- Born: September 8, 1953 (age 72)
- Education: Hofstra University
- Occupations: Trial consultant and research psychologist

= Amy Singer =

American psychologist

Amy Singer (born September 8, 1953) is a Florida trial consultant and research psychologist. Singer's firm, Trial Consultants, Inc., which she founded in Miami in 1979, is one of the first trial consulting firms in the United States. Singer is an acknowledged authority in the field of litigation psychology, a discipline she helped pioneer. Her revolutionary approach, which consists of applying principles of psychology and using open-ended questions to elicit jurors’ value beliefs regarding key trial issues, changed the way that attorneys around the United States conduct voir dire. Largely through Singer's influence, this became a juror de-selection, not selection, process.

Singer is a leader in the application of neuro-linguistic programming (NLP) by attorneys to influence jurors. Singer also is believed to be the first person to conduct a shadow jury on television, which she did for A Current Affair in its coverage of the William Kennedy Smith rape trial in Palm Beach, Florida, in 1991.

Singer is a 1975 graduate of Hofstra University, Hempstead, New York.

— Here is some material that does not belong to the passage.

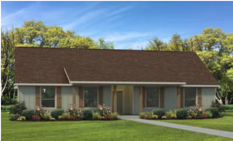
Elevation C | The Bexar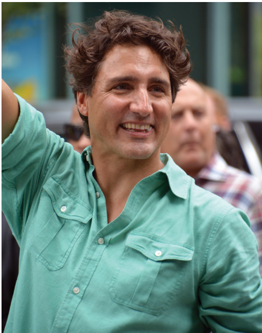
His charisma and ability to connect directly with voters helped Justin Trudeau return the federal Liberal Party to power in the 2015 election.

the social system that decides who has power and how it is to be used in governing the society’s affairs

She received her Master of Arts (1977) and her doctorate (1978) at Hofstra in applied research psychology. Singer is licensed in clinical psychology in New York. She is a past instructor in psychology at Nova Southeastern University, Fort Lauderdale, and Florida International University, Miami-Dade County, Florida.

Singer has worked as an author, trial consultant, and speaker, and has contributed to national publications, broadcast media, and legal associations. Her work has included involvement in cases such as the Casey Anthony, Dr. Jack Kevorkian, Michael Jackson, William Kennedy Smith, and O. J. Simpson trials.

In her most recent innovative strategy, Singer analyzed over 40,000 blog posts and tweets relating to the Casey Anthony trial. Singer was the first trial consultant to use social media as a strategy.

==Bibliography==
- Trials and Deliberations: Inside the Jury Room, published in 1992 by Shepards/McGraw-Hill.
- “Dealing with Biased Jurors During Voir Dire,” TRIAL, April 1996
- “Jury-Validated Trial Themes,” TRIAL, October 1994
- “Cueing Positive Memory Recall with Jurors,” TRIAL, October 1994
- “The Best Jury Research Format to Test Trial Themes,” TRIAL, October 199
- “Exploding the Myths Concerning Voir Dire,” Los Angeles Daily Journal
- “Getting Jurors to Deliberate in Front of You,” Lawyers Weekly USA, May 22, 1995
- “Litigation Intelligence Surveys,” The Academy of Florida Trial Lawyers Journal
- “Trial Consulting for the Smaller Practitioner,” The Florida Bar News, January 15, 1996
- “Intellectual Property Cases Require Strong Themes,” The Law Works
- “Picking a Jury in a Civil Case in Ohio,” co-authored with Jeffrey D. Boyd, McCarthy, Palmer, Volkema, Boyd, and Thomas, Ohio Trial
- “Trial Consulting,” The Journal of Legal Nurse Consulting
- “Don’t Make Voir Dire So Difficult,” The Advocate
- “Using Psychology to Win in Court,” Trial Diplomacy Journal
- “Successfully Settling the Case Through Surveys,” TRIAL
- “Professionally Prepared for Witness Preparations?” TRIAL
- “Exposing and Eliminating Biased Jurors During Voir Dire,” Leader's Product Liability Law and Strategy, October 1997
- “Litigation Intelligence Surveys: Essential for Large Products Liability Trials,” Leader's Product Liability Law and Strategy
- “Connecting and Communicating with the Catastrophically Injured Plaintiff,” TRIAL, June 1998
- “Selecting Jurors: What to Do About Bias,” TRIAL, April 1996
- “Voir Dire in Employment Law Cases,” Inside Employee Rights Litigation
- “Trial Consulting for the Smaller Practitioner,” Florida Bar News
- “Voir Dire in Employment Law Cases,” Employee Rights Litigation.